■ **LISTED ENTRIES**
**********

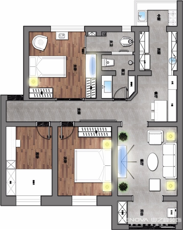 小区:心港假日苑 面积:106㎡ 户型:三居 风格:美式风格
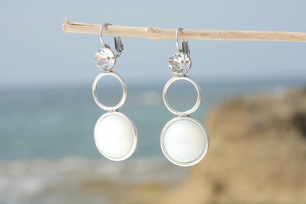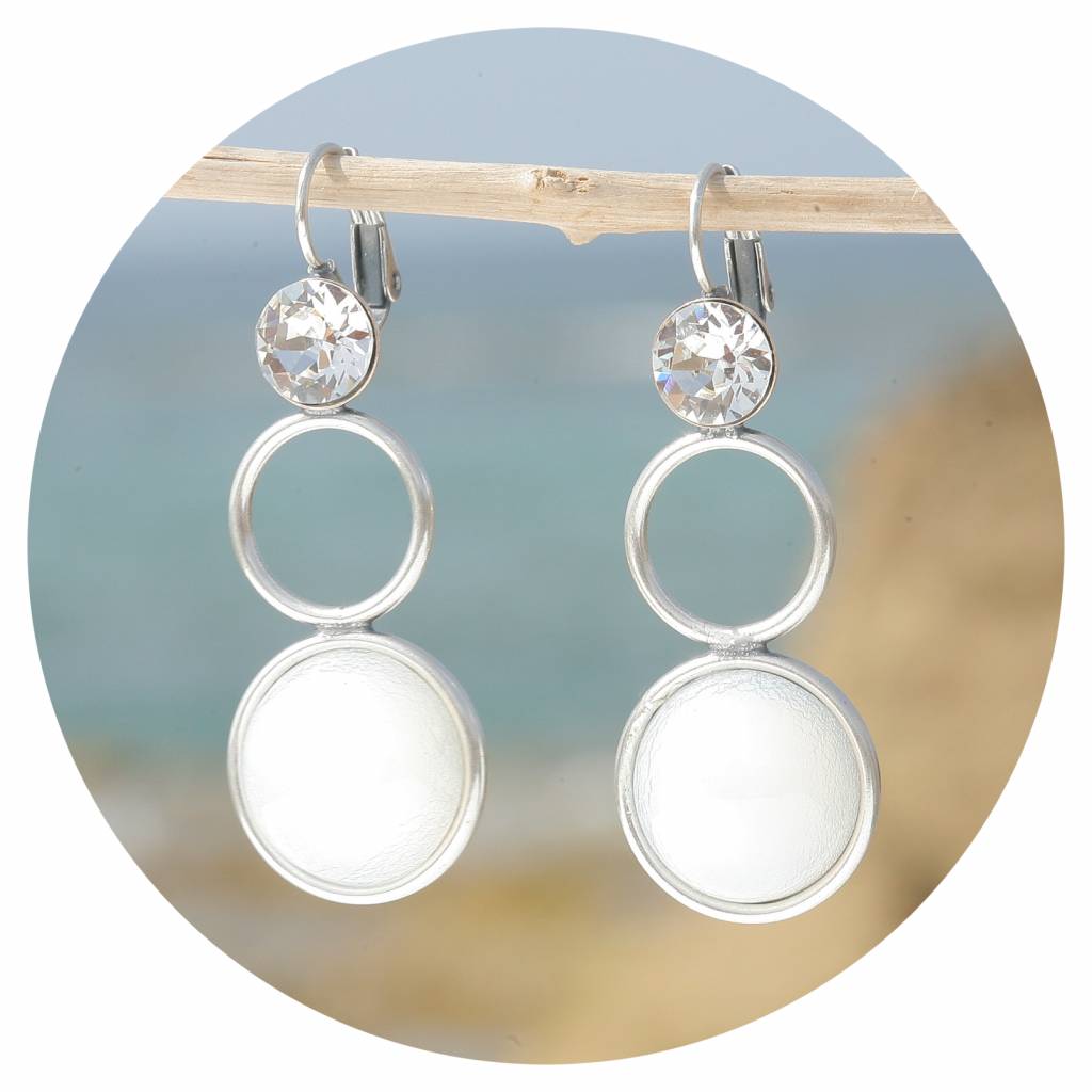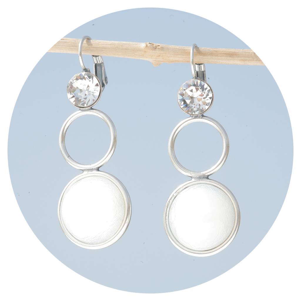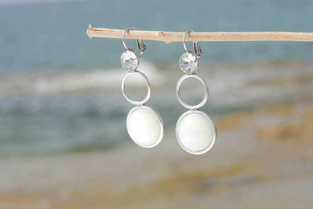 Diese Statement Ohrringe haben eine sehr hochwertige Reinsilber Versilberung in einem einzigartigen Silber Patina Ton - Made in Germany! Mit einem handgegossenen 16 mm grossen Glascabochon in white opal & einem geschliffenen Swarovski Kristall in cryst
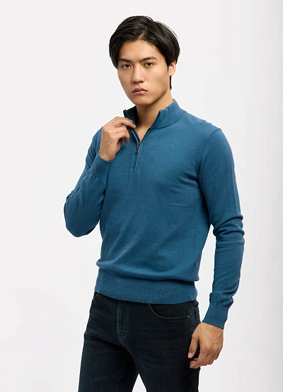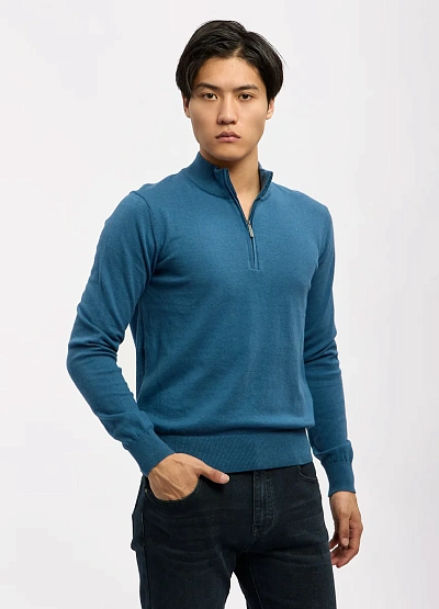 Мужской джемпер с короткой молнией выполнен в насыщенном синем оттенке и отличается лаконичным, аккуратным дизайном. Модель из мягкого трикотажа обеспечивает комфортную посадку и приятные тактильные ощущения при носке. Воротник-стойка с молнией добавляет практичности и позволяет адаптировать образ под разные ситуации — от более строгого до расслабленного. Универсальный крой делает джемпер отличной основой повседневного и smart casual гардероба.
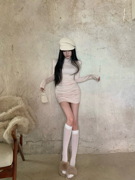 【Na+】莫代爾高彈力磨毛高領連身包臀裙 杏/咖
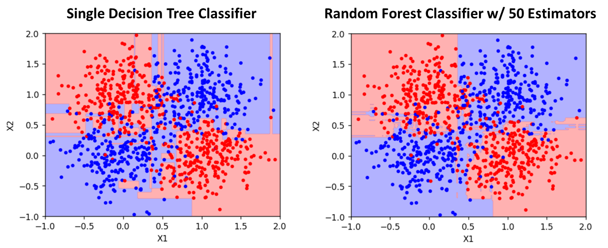 The visualization above demonstrates a random forest model's ability to overcome overfitting and achieve better accuracy on unseen test data. Note how the decision tree learns oddly shaped decision boundaries and is clearly overfitting the training data, while the random forest learns decision boundaries much closer to what one would choose by intuition.

**********

■ **DESCRIPTION OF THE TASK**
The task calls for all records to be set down precisely, excluding any images.

■ **RESULT OF THE TASK**
 小区:心港假日苑 面积:106㎡ 户型:三居 风格:美式风格
 Diese Statement Ohrringe haben eine sehr hochwertige Reinsilber Versilberung in einem einzigartigen Silber Patina Ton - Made in Germany! Mit einem handgegossenen 16 mm grossen Glascabochon in white opal & einem geschliffenen Swarovski Kristall in cryst
 Мужской джемпер с короткой молнией выполнен в насыщенном синем оттенке и отличается лаконичным, аккуратным дизайном. Модель из мягкого трикотажа обеспечивает комфортную посадку и приятные тактильные ощущения при носке. Воротник-стойка с молнией добавляет практичности и позволяет адаптировать образ под разные ситуации — от более строгого до расслабленного. Универсальный крой делает джемпер отличной основой повседневного и smart casual гардероба.
 【Na+】莫代爾高彈力磨毛高領連身包臀裙 杏/咖
 The visualization above demonstrates a random forest model's ability to overcome overfitting and achieve better accuracy on unseen test data. Note how the decision tree learns oddly shaped decision boundaries and is clearly overfitting the training data, while the random forest learns decision boundaries much closer to what one would choose by intuition.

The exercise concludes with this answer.